January 11, 2016 Aviation, Headline News No Comments Email Email

egtmedia59Passengers on Qantas flight QF64 from Johannesburg to Sydney faced a lengthy delay and cancellation of their flight last week following a “big bang” as the plane was speeding down the runway for takeoff.

Passengers were put up in hotels while another Qantas B747 flew over to Johannesburg from Sydney with an extra engine strapped under its left wing – a replacement for the engine that had gone “bang”. Having a fifth Rolls Royce engine under a wing (see photo) added six tonnes to the plane’s payload.

The departure delay from Johannesburg led to problems with food service on the rescheduled flight and some passengers complained of not being fed. At one point, a passenger has claimed, water poured from the ceiling.

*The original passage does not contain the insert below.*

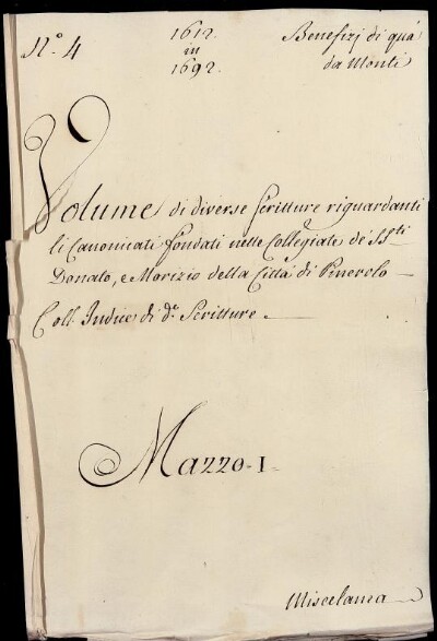 Volume di diverse Scritture riguardanti li Canonicati fondati nelle Insigni Collegiate de' S.ti Donato, e Morizio della Città di Pinerolo 1612. in 1692.

Christchurch-based passenger Heather Smith told the Christchurch Press that it was lucky she was still breastfeeding her son during the marathon fight because she was not offered food. The flight is operated by a B747-400 and is generally in the air for about 11 hours and 30 minutes.Qantas B747 prepares to fly from Sydney to South Africa with a fifth Rolls Royce engine under its left wing. Photo, Qantas and YouTube

Smith had been due to arrive back in Christchurch from Johannesburg, via Sydney, on Tuesday and finished up arriving on Friday.

After the “big bang” that put the original flight out of action, the plane sat on the tarmac for about three hours, Smith said.

Qantas booked passengers into hotels. The flight was rescheduled for Wednesday but ended up not taking off till Thursday.

Smith said it was “really, really hot” in the plane and passengers with babies had to strip the infants to keep them cool.

The air-conditioning system began leaking after the plane took off, with water “basically . . . pouring out of the ceiling”, Smith told the paper.

Then things got cold. “The aircon was all over the show. It was freezing,” Smith said, adding that during the long flight without food, her sister’s children, aged 5 and 3, grew very hungry and Qantas gave them a cupcake.

“What really annoyed me is the business class people got a food service and there were a lot of kids in economy class that went 15 hours and they didn’t feed them,” Smith told the paper.

She said that travelling with a baby, it “felt like child abuse”.

Qantas said in a statement an issue with the aircraft was to blame. The airline apologised to passengers affected by the delay.

A spokesman told the paper the air conditioning needed to be turned off while the new engine was fitted.

“Food and beverages were provided to customers throughout the entire flight but some economy meals were not loaded onto the aircraft due to a catering issue,” the spokesman said.